The printing press indeed led to religious wars in Europe. The Ottomans banned it and avoided that fate. And the progress associated with it.

echelon|1 year ago

The science to restrict is molecular biology (bacteria) or virology, not applied mathematics (AI). These folks can already do some wild things with the materials they have on hand and don't need fancy AI to help them.

Structure prediction is just one small slice of all of the things you'd need to do. Choosing a vector, culturing it, splicing it into an appropriate location for regulation, making sure it's compatible with the environment, making sure your payload is conserved, study the mechanism of infection and make sure all of the steps are unimpeded, make sure it works with all of the host and vector kinetics, study the pathology, study the epidemiology. And that's just for starters.
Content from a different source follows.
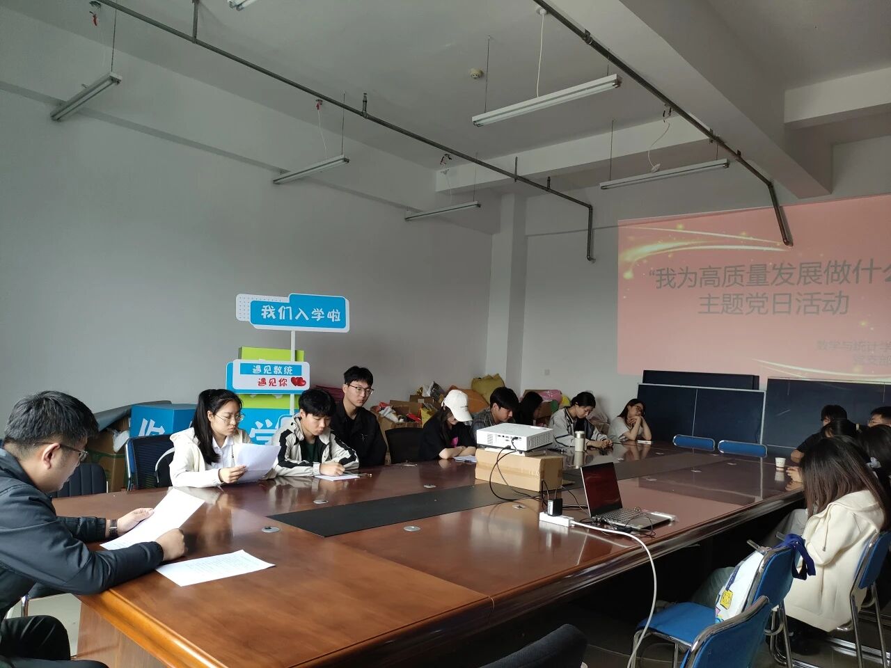 数学与统计学院团委讯(通讯员:赵子茉)为深入学习贯彻党的二十届三中全会精神,认真落实学校2025年党政工作要点,引导党员立足时代使命,强化责任担当,激发党员先锋意识,以实际行动践行新发展理念。5月12日,数学与统计学院学生党支部在东区主楼党政会议室开展“我为高质量发展作什么”——“党建领航聚力,共筑发展新程”主题党日活动。会议由学生党支部书记白海洋老师主持,全体学生党员参加。

This would require a team and an enormous amount of resources. People motivated enough to do this can already do it and don't need the AI piece.

f6v|1 year ago

There’s still a long way from in-silico prediction to wet-lab validation. You need a full-blown molecular biology lab to test any of these.

Then again, you can just release existing dangerous pathogens. Like, poison a water with something deadly. So you don’t need a new one if you’re a terrorist.

crackalamoo|1 year ago

Not a solution, but maybe if a bad actor tried to create a bioweapon, a trusted organization could use this technology as an antidote. Unfortunately this still leaves the possibility of some kind of insidious, undetectable bioweapon.

m00x|1 year ago

No, it's a very small piece for what you'd need to make bioweapons.

d_silin|1 year ago

...as difficult as discovering new medicines, you mean?

Chemistry and molecular biology are fiendishly complicated fields, far more complex and less predictable than what general (and most of the non-biochem STEM majors) imagine them to be.

How do I know? I thought of one brilliant startup idea that would solve so many of the world's problems if only we used computers to simulate biological systems.

Result: https://xkcd.com/1831/

Reference materials:

https://www.amazon.ca/Molecular-Biology-Cell-Loose-Version/d...

I strongly recommend to treat it as introductory-level text on the same level as "K&R - C Programming Language". Yes, all 1464 pages of it.

https://www.amazon.ca/Fundamentals-Systems-Biology-Synthetic...

On the same level as above text, but with more math.

https://www.amazon.com/Introduction-Computational-Chemistry-...

That or any other book on computational chemistry will give you an understanding why it is difficult to design anything of value in biological systems. ML can only help so much.

Also check out this page for entire field scope:

https://en.wikipedia.org/wiki/Omics

dekhn|1 year ago

MBoC is more like Knuth's textbooks. It's a towering monument to the achievements of humanity over the past 150 years (molecular biology proper is less than 100 years old). As well as being highly accessible (readable).

It's done in an interesting style, with lots of direct references to current literature. I was surprised to see a recent edition on IA: https://archive.org/details/alberts-molecular-biology-of-the...

glowingvoices|1 year ago

Thank you for the textbooks! I've started studying Molecular Biology of the Cell to prepare for undergrad, but this is the first time I've heard about the others.

Are there any other books you would recommend?